– Тургенева – любите?

– Читаю.

– То есть – как это – читаете? Читали?

– Ну, хорошо, читала, – согласилась Лидия, улыбаясь, а Иноков поучительно напомнил ей:

– Читают библию, Пушкина, Шекспира, а Тургенева прочитывают, чтоб исполнить долг вежливости пред русской литературой.

Затем он начинал говорить глупости и дерзости:

– Тургенев – кондитер. У него – не искусство, а – пирожное. Настоящее искусство не сладко, оно всегда с горчинкой.

Сказал и отошел прочь. В другой раз, так же неожиданно, он спросил, подойдя сзади, наклоняясь над ее плечом:

– «Скучную историю» Чехова – читали? Забавно, а? Профессор всю жизнь чему-то учил, а под конец – догадался: «Нет общей идеи». На какой же цепи он сидел всю-то жизнь? Чему же – без общей идеи – людей учил?

– А – общая идея – это не общее место? – спросила Лидия.

Иноков, удивленно посмотрев на нее, пробормотал:

– Вот как? Н-да… не думал я. Не знаю.

И продолжал настойчиво:

– У Чехова – тоже нет общей-то идеи. У него чувство недоверия к человеку, к народу. Лесков вот в человека верил, а в народ – тоже не очень. Говорил: «Дрянь славянская, навоз родной». Но он, Лесков, пронзил всю Русь. Чехов премного обязан ему.

– Не вижу этого, – с любопытством разглядывая Инокова, сказала Лидия.

– А вы почитайте их одного за другим, увидите…

Он дотронулся пальцем до плеча девушки, заставив ее отшатнуться:

– Слушайте-ка: а где эта красавица, подруга ваша?

– Вероятно, у себя дома. Вам ее нужно?

Лидия улыбалась, веснушки на лице Инокова тоже дрожали, губы по-детски расплылись, в глазах блестел мягкий смех.

– Смешно спросил? Ну – ничего! Мне, разумеется, ее не нужно, а – любопытно мне: как она жить будет? С такой красотой – трудно. И, потом, я все думаю, что у нас какая-нибудь Лола Монтес должна явиться при новом царе.

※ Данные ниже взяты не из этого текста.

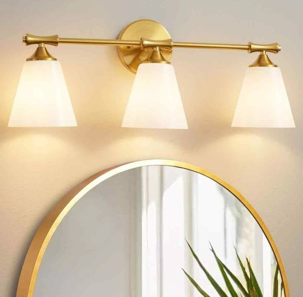 The Deyidn 24.33 in. 3-Lights Gold Bathroom Vanity Light Fixture with Opal Frosted Glass Shade is a stylish and elegant lighting fixture designed for bathroom vanities. With a gold color finish and frosted glass shade, this fixture adds a touch of luxury to any bathroom decor. The fixture is hardwired for easy installation and includes mounting hardware for convenience. With three lights and a maximum bulb wattage of 60W, this fixture provides ample lighting for grooming and Makeup routines. The fixture's compact size and mounting position make it suitable for various vanity sizes.

– Влюбился он в нее, вот что, – сказала Сомова, ласково глядя на своего друга. – Он у меня жадненький на яркое…

– Влюбился – это чепуха. Влюбляться я и не умею. А просто барышня эта в большие думы вгоняет меня. Уж очень – неуместная. Поэтому – печально мне думать о ней.

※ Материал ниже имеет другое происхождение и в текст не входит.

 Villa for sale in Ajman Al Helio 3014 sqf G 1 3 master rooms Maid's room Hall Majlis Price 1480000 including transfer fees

– Попробуйте не думать, – посоветовала Лидия.

Иноков удивился, взмахнул бровями:

– Разве это можно: видеть и не думать?

Когда он и Сомова ушли, Клим спросил Лидию:

– Почему ты говоришь с ним тоном старой барыни?

Лидия тихонько посмеялась и объяснила, скрестив руки на груди, пожимая плечами:

– Я тоже чувствую, что это нелепо, но другого тона не могу найти. Мне кажется: если заговоришь с ним как-то иначе, он посадит меня на колени себе, обнимет и начнет допрашивать: вы – что такое?

Клим подумал и сказал:

– Да, от него можно ожидать всяких дерзостей.

Как-то вечером Сомова пришла одна, очень усталая и, видимо, встревоженная.

– Я ночую у тебя, Лидуша! – объявила она. – Мой милейший Гришук пошел куда-то в уезд, ему надо видеть, как мужики бунтовать будут. Дай мне попить чего-нибудь, только не молока. Вина бы, а?

Клим сходил вниз, принес бутылку белого вина, уселись втроем на диван, и Лидия стала расспрашивать подругу: что за человек Иноков?

– А я – не знаю, друзья мои! – начала Сомова, разводя руками с недоумением, которое Клим принял как искреннее.

– Знакома я с ним шесть лет, живу второй год, но вижу редко, потому что он все прыгает во все стороны от меня. Влетит, как шмель, покружится, пожужжит немножко и вдруг: «Люба, завтра я в Херсон еду». Merci, monsieur. Mais – pourquoi?[3] Милые мои, – ужасно нелепо и даже горестно в нашей деревне по-французски говорить, а – хочется! Вероятно, для углубления нелепости хочется, а может, для того, чтоб напомнить себе о другом, о другой жизни.

Начала она говорить шутливо, с комическими интонациями, но продолжала уже задумчиво, хотя и не теряя грустного юмора.